'''

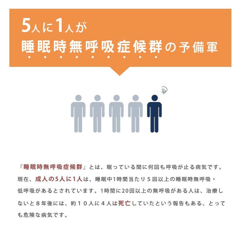 • この商品は医療器具ではありません。また、病気を治療するものでもありません。睡眠時無呼吸症候群、あるいはその疑いのある方は、ご使用前に専門医にご相談ください。
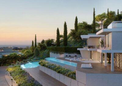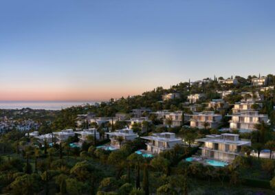 TIERRA VIVA es un complejo residencial de lujo en Benhavís (Marbella) compuesto por 53 villas únicas que se encuentran delicadamente ubicadas en la ladera de una colina, en disposición aterrazada.
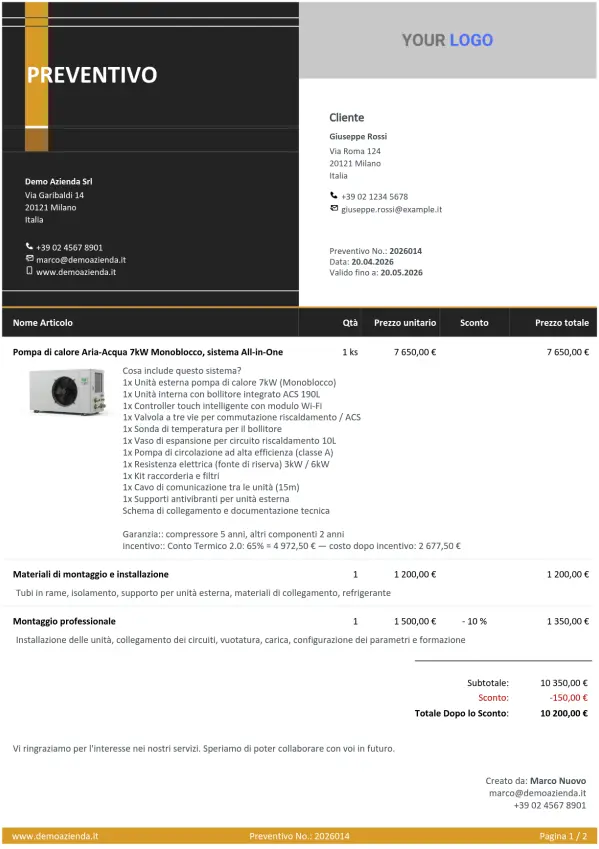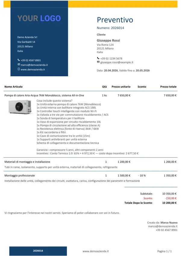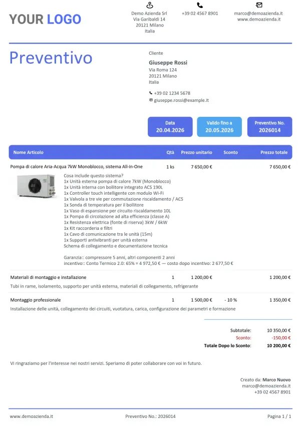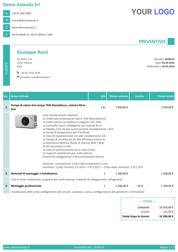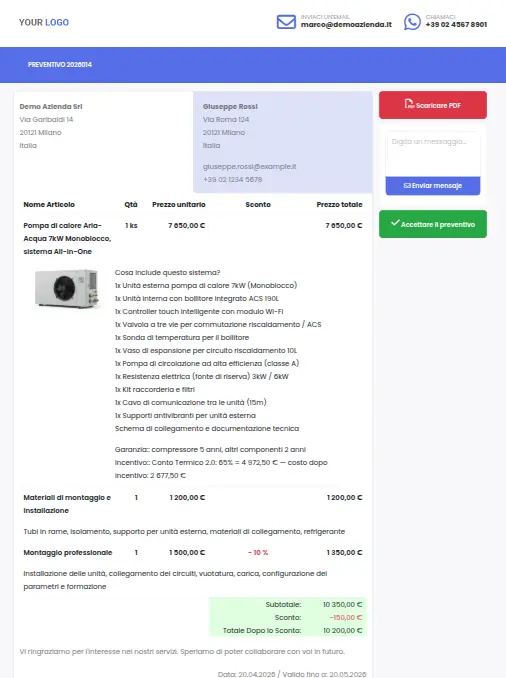 Un preventivo per una pompa di calore o un impianto fotovoltaico contiene decine di voci — materiali, manodopera, collaudo, trasporto. Il preventivo interattivo presenta tutto in modo chiaro su un'unica pagina, senza perdersi in allegati PDF.

'''

_Exercise details_
Please retype the data exactly, but do not carry over any picture.

_Finished exercise_
 • この商品は医療器具ではありません。また、病気を治療するものでもありません。睡眠時無呼吸症候群、あるいはその疑いのある方は、ご使用前に専門医にご相談ください。
 TIERRA VIVA es un complejo residencial de lujo en Benhavís (Marbella) compuesto por 53 villas únicas que se encuentran delicadamente ubicadas en la ladera de una colina, en disposición aterrazada.
 Un preventivo per una pompa di calore o un impianto fotovoltaico contiene decine di voci — materiali, manodopera, collaudo, trasporto. Il preventivo interattivo presenta tutto in modo chiaro su un'unica pagina, senza perdersi in allegati PDF.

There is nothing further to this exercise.